Exclude images, then output the remaining data verbatim.

Source material >>
-- Opening Marker --

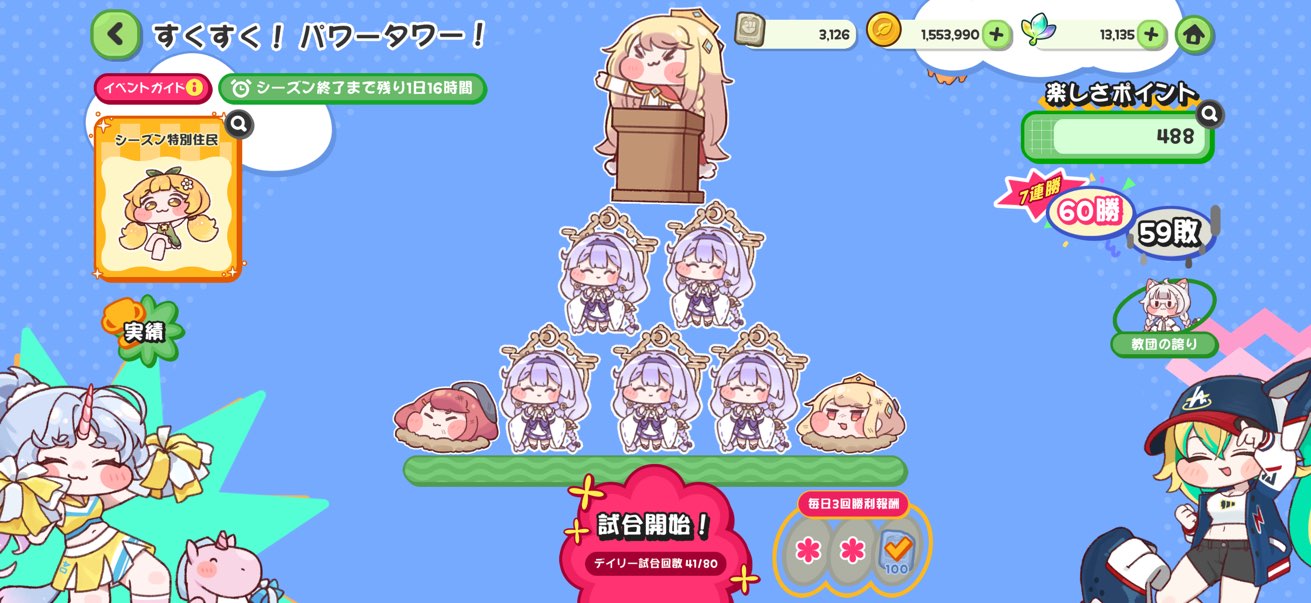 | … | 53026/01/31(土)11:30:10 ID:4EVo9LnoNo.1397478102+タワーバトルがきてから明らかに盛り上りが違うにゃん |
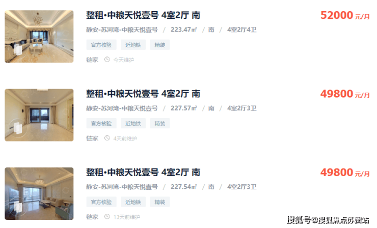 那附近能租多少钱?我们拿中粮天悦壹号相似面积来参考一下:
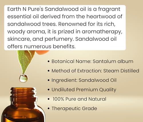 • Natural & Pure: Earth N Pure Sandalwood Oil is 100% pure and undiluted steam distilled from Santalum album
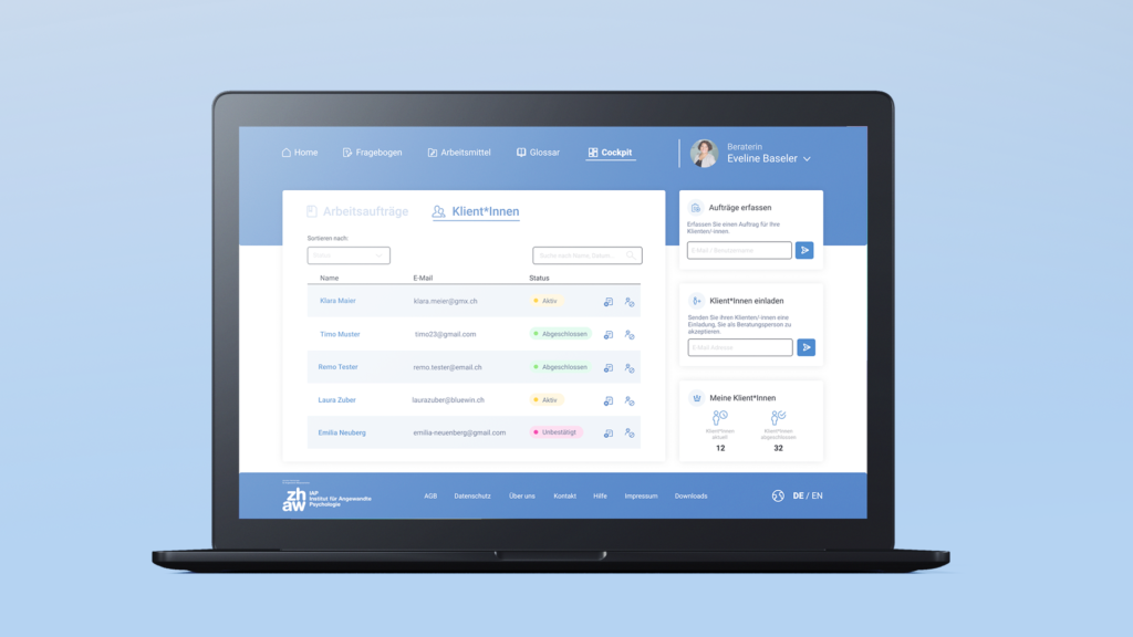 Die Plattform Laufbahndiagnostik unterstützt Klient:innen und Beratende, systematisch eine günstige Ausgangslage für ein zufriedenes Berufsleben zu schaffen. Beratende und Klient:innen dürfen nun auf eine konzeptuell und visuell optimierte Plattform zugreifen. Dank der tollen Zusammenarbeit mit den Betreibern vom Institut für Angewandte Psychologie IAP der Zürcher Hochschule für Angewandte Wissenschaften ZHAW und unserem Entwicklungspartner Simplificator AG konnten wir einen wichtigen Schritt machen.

-- Closing Marker --

Completed task >>
 | … | 53026/01/31(土)11:30:10 ID:4EVo9LnoNo.1397478102+タワーバトルがきてから明らかに盛り上りが違うにゃん |
 那附近能租多少钱?我们拿中粮天悦壹号相似面积来参考一下:
 • Natural & Pure: Earth N Pure Sandalwood Oil is 100% pure and undiluted steam distilled from Santalum album
 Die Plattform Laufbahndiagnostik unterstützt Klient:innen und Beratende, systematisch eine günstige Ausgangslage für ein zufriedenes Berufsleben zu schaffen. Beratende und Klient:innen dürfen nun auf eine konzeptuell und visuell optimierte Plattform zugreifen. Dank der tollen Zusammenarbeit mit den Betreibern vom Institut für Angewandte Psychologie IAP der Zürcher Hochschule für Angewandte Wissenschaften ZHAW und unserem Entwicklungspartner Simplificator AG konnten wir einen wichtigen Schritt machen.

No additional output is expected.